Task prompt: Transcribe all the lines below exactly. Omit the pictures.

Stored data
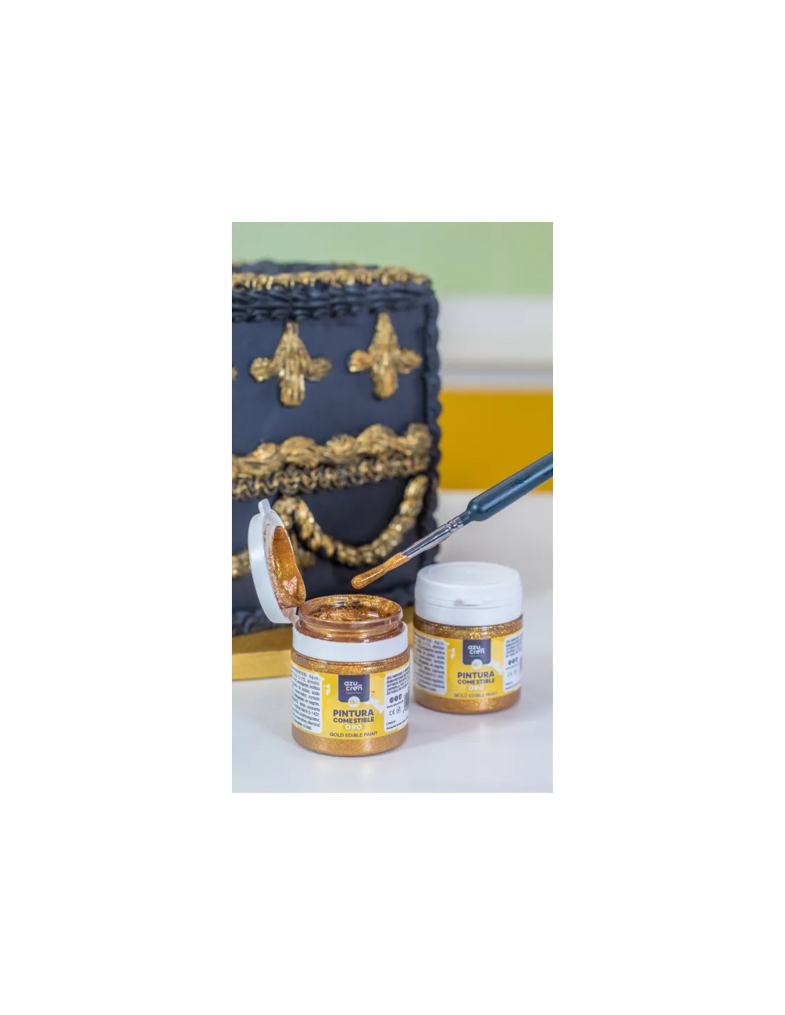 Pintura metálica oro con la que podrás crear bonitas decoraciones en fondant, mazapán, pasta de goma, glasa real y mucho más.
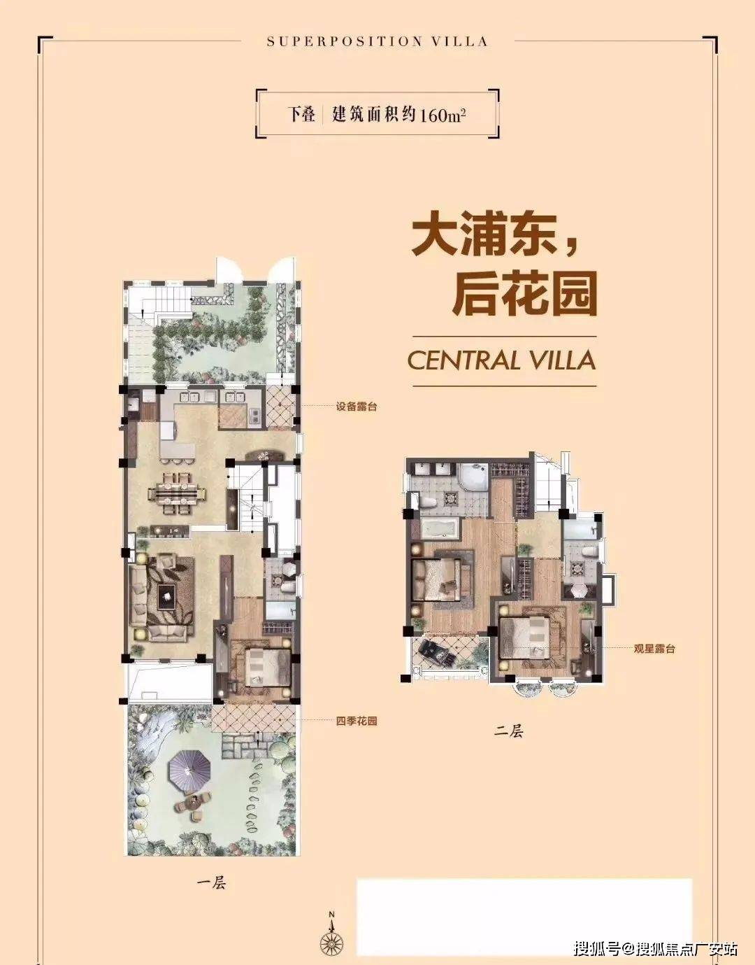 上叠户型是建筑面积150平米的三层,4房2厅中西双厨的全套房设计,特设独立花园入户通道,保障业主私密性。
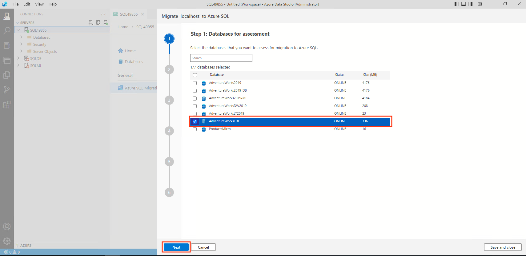 1. In Step 1: Databases for assessment in the Migrate to Azure SQL wizard, select the databases you want to assess. Then, select Next.
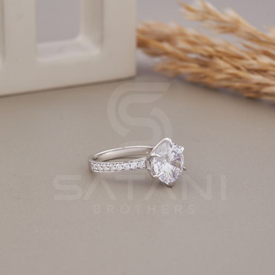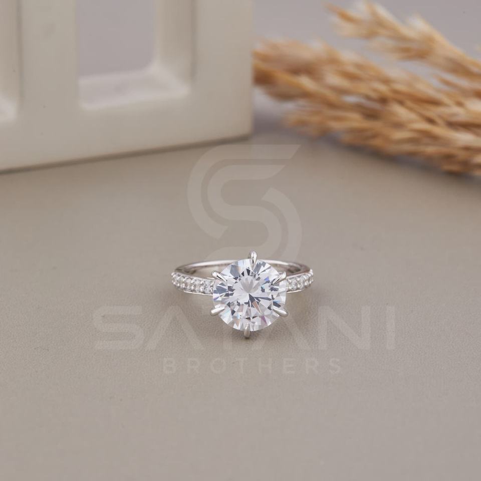 แหวนมอสซาไนต์ทรงโซลิแทร์ขนาด 10 มม. ประดับเพชรแบบพาเว่ วงแหวนทองคำสำหรับงานแต่งงานและหมั้น ดีไซน์หรูหรา ระยิบระยับ โดดเด่น เหมาะสำหรับผู้หญิงในอินเดีย
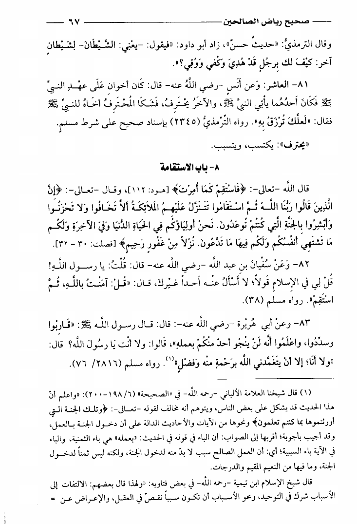 صحيح رياض الصالحين وبذيله حواشي نفيسة وتعليقات منيفة للألباني (الهلالي)

Finished task:
 Pintura metálica oro con la que podrás crear bonitas decoraciones en fondant, mazapán, pasta de goma, glasa real y mucho más.
 上叠户型是建筑面积150平米的三层,4房2厅中西双厨的全套房设计,特设独立花园入户通道,保障业主私密性。
 1. In Step 1: Databases for assessment in the Migrate to Azure SQL wizard, select the databases you want to assess. Then, select Next.
 แหวนมอสซาไนต์ทรงโซลิแทร์ขนาด 10 มม. ประดับเพชรแบบพาเว่ วงแหวนทองคำสำหรับงานแต่งงานและหมั้น ดีไซน์หรูหรา ระยิบระยับ โดดเด่น เหมาะสำหรับผู้หญิงในอินเดีย
 صحيح رياض الصالحين وبذيله حواشي نفيسة وتعليقات منيفة للألباني (الهلالي)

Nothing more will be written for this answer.